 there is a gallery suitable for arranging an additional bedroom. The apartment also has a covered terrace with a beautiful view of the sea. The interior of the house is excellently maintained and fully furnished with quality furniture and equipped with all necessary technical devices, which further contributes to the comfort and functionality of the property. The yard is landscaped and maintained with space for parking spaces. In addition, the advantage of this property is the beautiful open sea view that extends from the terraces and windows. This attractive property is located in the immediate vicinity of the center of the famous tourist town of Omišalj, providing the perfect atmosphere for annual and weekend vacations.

◇ ◇ ◇ ◇

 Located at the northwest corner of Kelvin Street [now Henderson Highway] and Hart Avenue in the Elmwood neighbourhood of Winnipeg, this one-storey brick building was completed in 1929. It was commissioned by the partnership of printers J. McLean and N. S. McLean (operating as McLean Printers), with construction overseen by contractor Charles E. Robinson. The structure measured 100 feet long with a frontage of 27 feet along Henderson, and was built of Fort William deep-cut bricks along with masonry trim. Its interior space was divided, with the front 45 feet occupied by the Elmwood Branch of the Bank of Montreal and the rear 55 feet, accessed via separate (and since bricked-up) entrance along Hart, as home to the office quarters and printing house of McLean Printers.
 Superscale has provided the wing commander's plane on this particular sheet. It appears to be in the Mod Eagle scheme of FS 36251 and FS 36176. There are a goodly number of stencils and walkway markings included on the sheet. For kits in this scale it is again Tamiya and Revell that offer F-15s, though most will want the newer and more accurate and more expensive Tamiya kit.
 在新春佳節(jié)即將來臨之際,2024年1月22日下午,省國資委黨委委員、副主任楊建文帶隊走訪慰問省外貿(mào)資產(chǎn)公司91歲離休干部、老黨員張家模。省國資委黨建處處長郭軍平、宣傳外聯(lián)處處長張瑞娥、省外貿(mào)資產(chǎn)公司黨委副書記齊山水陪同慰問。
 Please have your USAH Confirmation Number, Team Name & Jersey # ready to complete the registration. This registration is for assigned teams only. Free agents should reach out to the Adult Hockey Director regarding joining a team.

◇ ◇ ◇ ◇

- How to complete this task -
Scan the records above for the lines holding "Superscale has provided" and "在新春佳節(jié)即將來臨". Transcribe those two and every line between them word for word, and no others.

- Result for this exercise -
 Superscale has provided the wing commander's plane on this particular sheet. It appears to be in the Mod Eagle scheme of FS 36251 and FS 36176. There are a goodly number of stencils and walkway markings included on the sheet. For kits in this scale it is again Tamiya and Revell that offer F-15s, though most will want the newer and more accurate and more expensive Tamiya kit.
 在新春佳節(jié)即將來臨之際,2024年1月22日下午,省國資委黨委委員、副主任楊建文帶隊走訪慰問省外貿(mào)資產(chǎn)公司91歲離休干部、老黨員張家模。省國資委黨建處處長郭軍平、宣傳外聯(lián)處處長張瑞娥、省外貿(mào)資產(chǎn)公司黨委副書記齊山水陪同慰問。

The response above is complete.